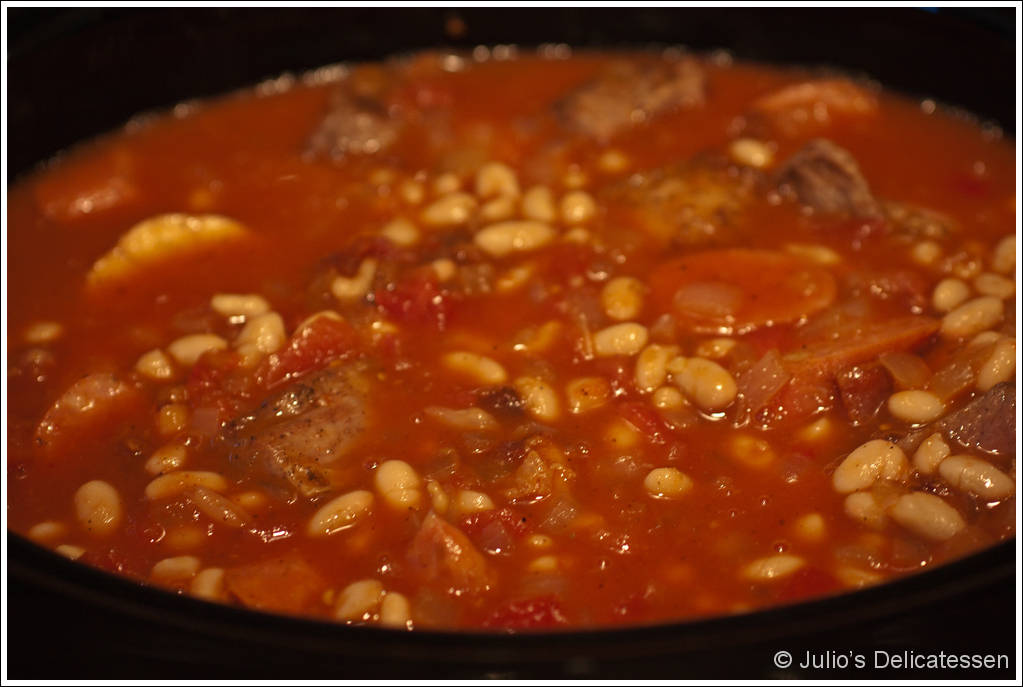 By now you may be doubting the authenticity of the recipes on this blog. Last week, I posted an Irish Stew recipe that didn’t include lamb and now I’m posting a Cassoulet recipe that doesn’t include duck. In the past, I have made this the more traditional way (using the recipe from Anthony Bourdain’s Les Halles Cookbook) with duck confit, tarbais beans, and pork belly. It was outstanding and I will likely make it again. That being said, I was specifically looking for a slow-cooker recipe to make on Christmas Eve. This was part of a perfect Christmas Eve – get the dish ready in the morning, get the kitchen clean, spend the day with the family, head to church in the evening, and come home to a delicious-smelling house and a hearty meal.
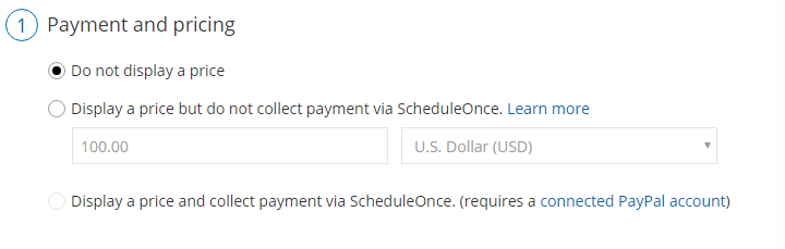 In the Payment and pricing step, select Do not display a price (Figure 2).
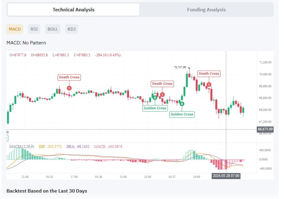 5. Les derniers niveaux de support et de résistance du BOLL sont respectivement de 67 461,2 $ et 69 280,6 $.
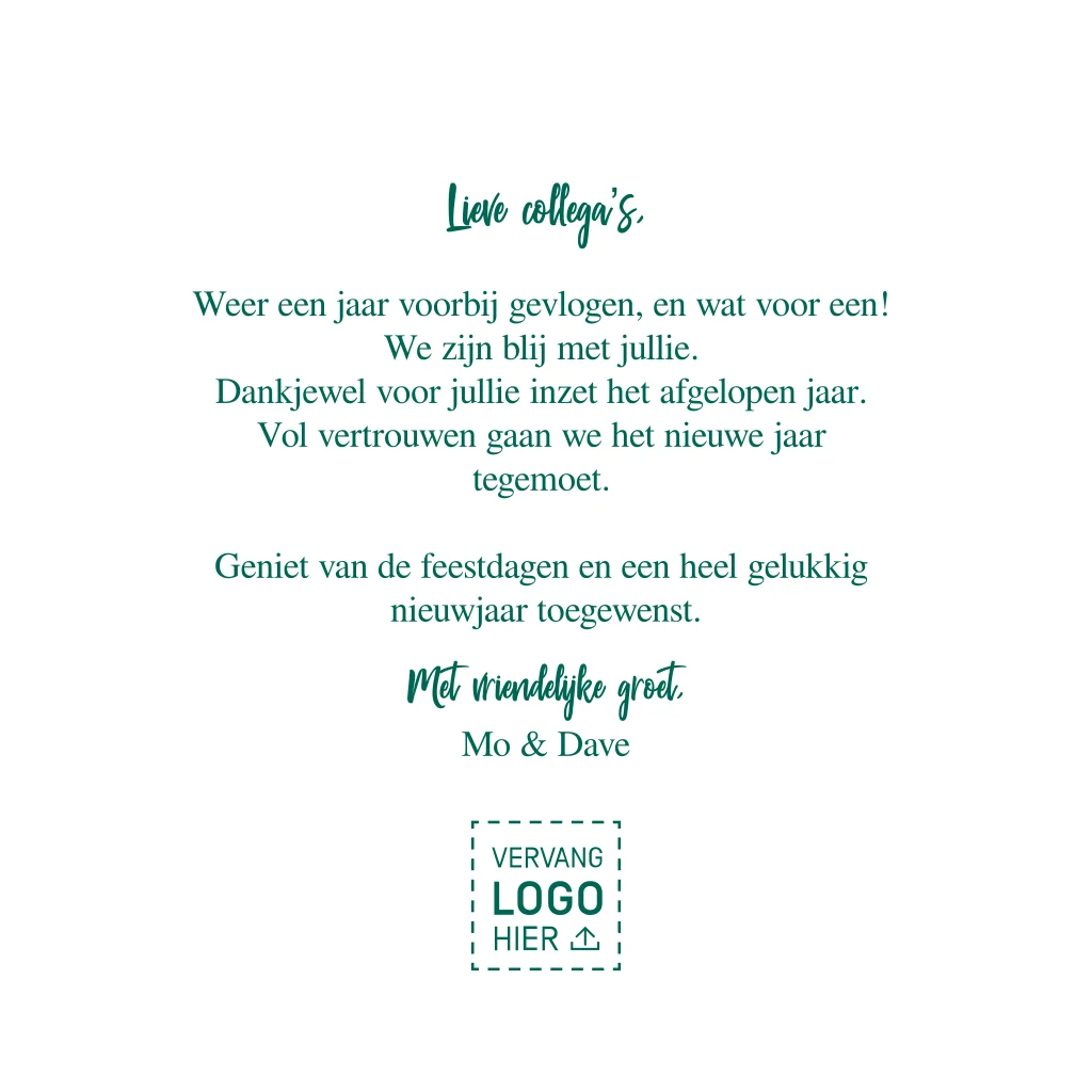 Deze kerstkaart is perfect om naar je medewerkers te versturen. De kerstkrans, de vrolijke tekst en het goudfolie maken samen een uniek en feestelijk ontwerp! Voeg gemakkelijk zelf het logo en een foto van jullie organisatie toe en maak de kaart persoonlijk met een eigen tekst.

§ WHAT YOU WILL DO
Your task is to repeat the material above exactly, without its pictures.

§ EXERCISE RESPONSE
 By now you may be doubting the authenticity of the recipes on this blog. Last week, I posted an Irish Stew recipe that didn’t include lamb and now I’m posting a Cassoulet recipe that doesn’t include duck. In the past, I have made this the more traditional way (using the recipe from Anthony Bourdain’s Les Halles Cookbook) with duck confit, tarbais beans, and pork belly. It was outstanding and I will likely make it again. That being said, I was specifically looking for a slow-cooker recipe to make on Christmas Eve. This was part of a perfect Christmas Eve – get the dish ready in the morning, get the kitchen clean, spend the day with the family, head to church in the evening, and come home to a delicious-smelling house and a hearty meal.
 In the Payment and pricing step, select Do not display a price (Figure 2).
 5. Les derniers niveaux de support et de résistance du BOLL sont respectivement de 67 461,2 $ et 69 280,6 $.
 Deze kerstkaart is perfect om naar je medewerkers te versturen. De kerstkrans, de vrolijke tekst en het goudfolie maken samen een uniek en feestelijk ontwerp! Voeg gemakkelijk zelf het logo en een foto van jullie organisatie toe en maak de kaart persoonlijk met een eigen tekst.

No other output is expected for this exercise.